Next, let’s use plt.scatter()
to generate some scatter plots and visualize the relationship between the Ground Living Area GrLivArea
and SalePrice
.
接下来,让我们使用plt.scatter()
生成一些散点图,并可视化地面居住区GrLivArea
和SalePrice
之间的关系。
pltplt .. scatterscatter (( xx == traintrain [[ 'GrLivArea''GrLivArea' ], ], yy == targettarget )
)
pltplt .. ylabelylabel (( 'Sale Price''Sale Price' )
)
pltplt .. xlabelxlabel (( 'Above grade (ground) living area square feet''Above grade (ground) living area square feet' )
)
pltplt .. showshow ()
()
At first glance, we see that increases in living area correspond to increases in price. We will do the same for GarageArea
.
乍一看,我们看到居住面积的增加与价格的增加相对应。 我们将对GarageArea
做同样的GarageArea
。
Notice that there are many homes with 0
for Garage Area
, indicating that they don’t have a garage. We’ll transform other features later to reflect this assumption. There are a few outliers as well. Outliers can affect a regression model by pulling our estimated regression line further away from the true population regression line. So, we’ll remove those observations from our data. Removing outliers is an art and a science. There are many techniques for dealing with outliers.
请注意,对于Garage Area
,有许多房屋的0
表示没有车库。 稍后我们将转换其他功能以反映此假设。 也有一些异常值 。 离群值可以通过将我们的估计回归线拉离真实总体回归线进一步影响回归模型。 因此,我们将从数据中删除这些观察值。 消除异常值是一门艺术和一门科学。 有许多处理异常值的技术。

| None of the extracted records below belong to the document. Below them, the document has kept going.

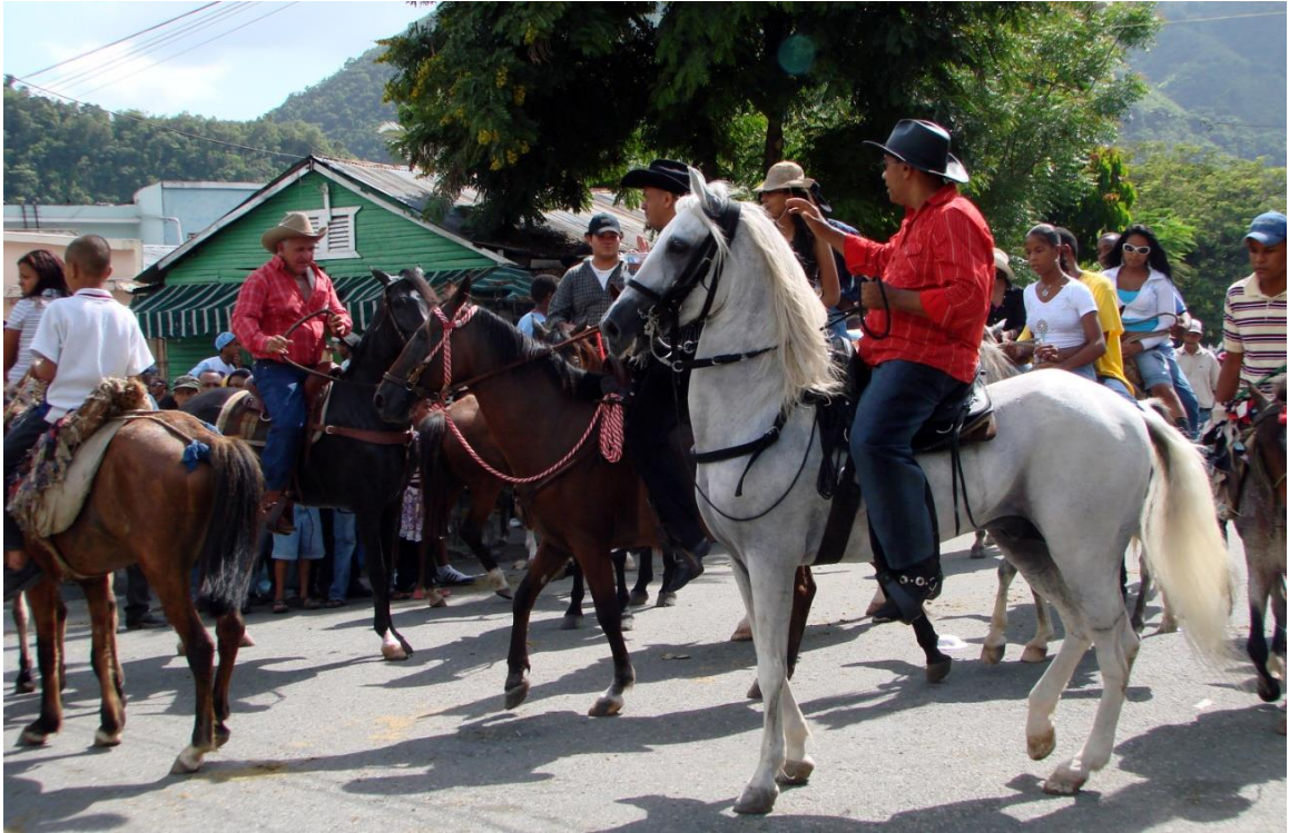
Celebración fiestas patronales en Peralta, Azua.
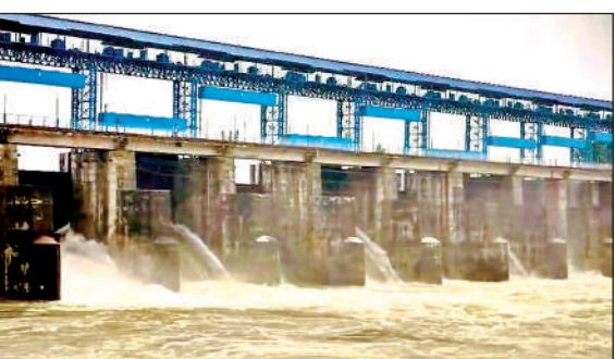
स्वामी ब्रह्मानंद बांध से पानी छोड़ा गया। अमृत विचार

विकास खंड के गुंदेला गांव के पास स्वामी ब्रह्मानंद बांध स्थित है। महोबा जिले में लगातार हो रही बारिश से स्वामी ब्रह्मानंद बांध लबाब है। पिछले दो दिनों से लगातार हो रही झमाझम बारिश से बांध का जलस्तर बढ़ता जा रहा है। जिसको लेकर शुक्रवार को बांध के 11 में 6 गेट खोले गए हैं। इससे विरमा नदी का जलस्तर बढ़ गया है। जिससे नदी किनारे बसे बिहूनी, बंडवा, बिलगांव, शिवनी, भटरा, बांधुखुर्द, कुपारा, बेरी, उपरहंका जैसे करीब एक दर्जन से अधिक गांवों में जल स्तर से प्रभावित होंगे। बिहूनी गांव में नदी का पानी गांव तक पहुंच गया है। स्वामी
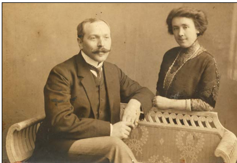
Figura nr. 3 – Henri Stahl împreună cu soția sa, Blanche (7 februarie 1912).
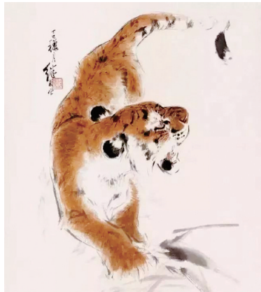
作者刘继卣(1918~1983),新中国连环画奠基人,中国近现代美术史上早有成就的动物画、人物画一代宗师。
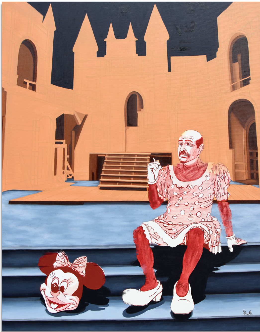
Social media 100x80 cm, olaj, akril, vászon
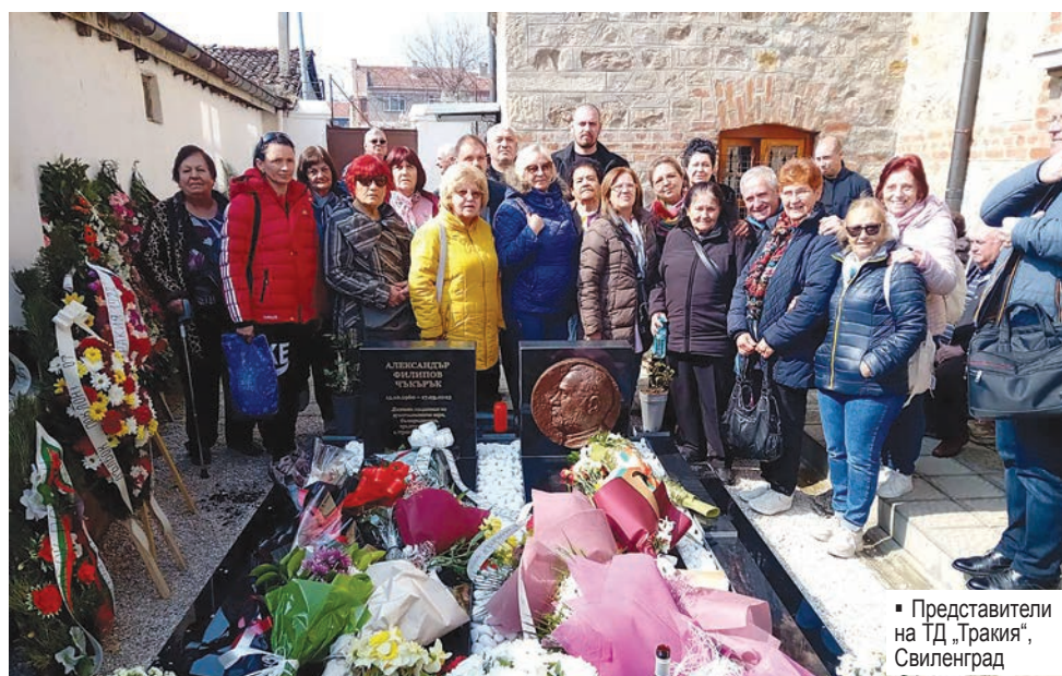
▪ Представители на ТД „Тракия“, Свиленград
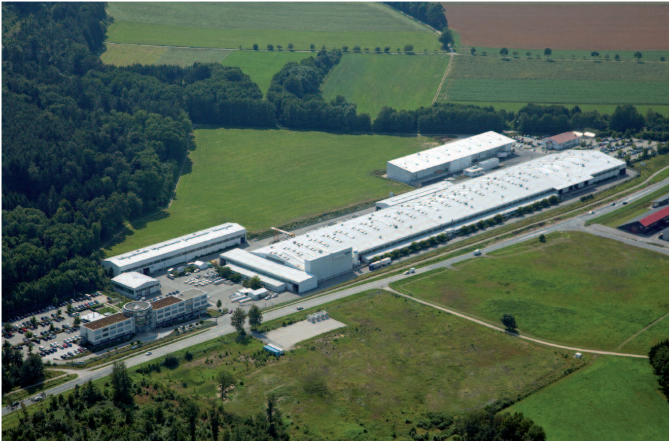
HUBER Firmensitz und Produktionsstätte in Berching / Bayern
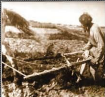
Крестьянин с сохой

Многоукладность сельского хозяйства России продолжала острые конфликты внутри общества.
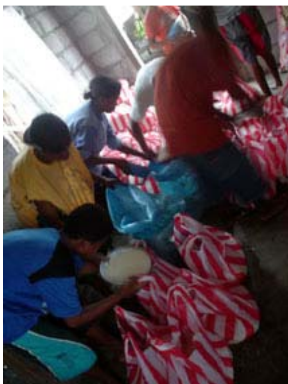
避難先のパラヤン集落での食糧配給の様子(9月)

4月の集落での問題発生を受けて、急遽実施したのが本活動です。避難を余儀なくされたアエタ族住民は、避難先では仕事も収入も無い状態が続きました。そこで、住民への直接の支援となる米・医薬品の配給と、住民が集落に復帰できるための行政との交渉の2つの活動を実施してきました。山間部での問題でアエタ族という状況から、当初は行政の支援もほぼ無い状況が続いていましたが、当会と住民のリーダーの頻繁な要請により、本年後半になってようやく行政の対応も始まり、現在は集落へ住民を戻す調整が行政内で行われています。本年度中の住民の集落への復帰という解決を目標に交渉を行ってきましたが、行政内での手続きの遅れ等があり、次年度まで持ち越す結果となっています。
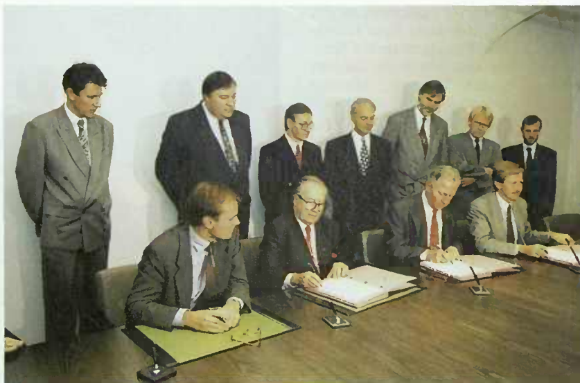
La cérémonie de signature Gouvernement-CLT

Une convention au sujet d'une extension substantielle de l'entreprise Sommer Industrie implantée dans la zone industrielle d'Eselborn/Clervaux fut signée le 4 octobre 1993 au siège de l'entreprise à Eselborn.
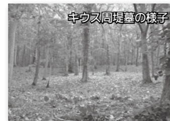
キウス周堤墓の様子

今月は、「縄文時代の生活と社会を考える」チョット味わう食の体験とキウス周堤墓を訪ねる」をテーマに巡ります。 【とき】9月25日(木) 9時～16時 ※8時50分まで、市役所1階市民ロビーに集合してください。 【見学予定】美々貝塚、キウス周堤墓群、遺跡発掘調査
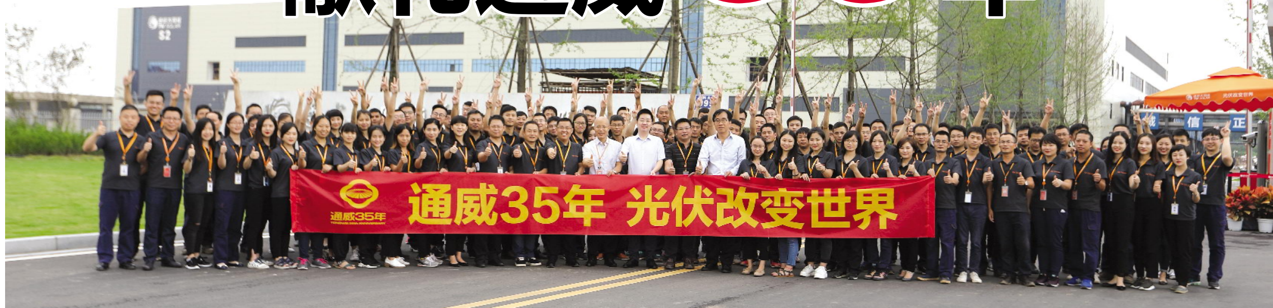
通威太阳能公司热烈祝贺通威 35 年华诞

本报讯(记者 唐胜)截至 2017 年 8 月底,通威太阳能公司捷报频传,取得了连续 35 个月持续盈利的佳绩,此时,恰逢通威迎来 35 年华诞。通威太阳能公司在创造光伏行业新纪录的同时,向通威 35 年庆隆重献礼。
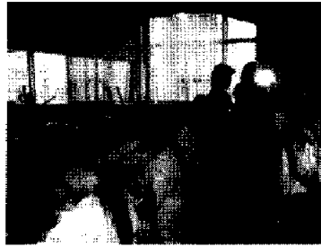
企業訪問2（北京千恵美容芸 術学校）11日、北京

We will create a new dataframe with some outliers removed.
我们将创建一个删除了一些异常值的新数据框。
train train = = traintrain [[ traintrain [[ 'GarageArea''GarageArea' ] ] < < 12001200 ]
]
Let’s take another look.
让我们再看一看。
Next, we’ll examine the null or missing values.
接下来,我们将检查空值或缺失值。
We will create a DataFrame to view the top null columns. Chaining together the train.isnull().sum()
methods, we return a Series of the counts of the null values in each column.
我们将创建一个DataFrame来查看顶部的空列。 将train.isnull().sum()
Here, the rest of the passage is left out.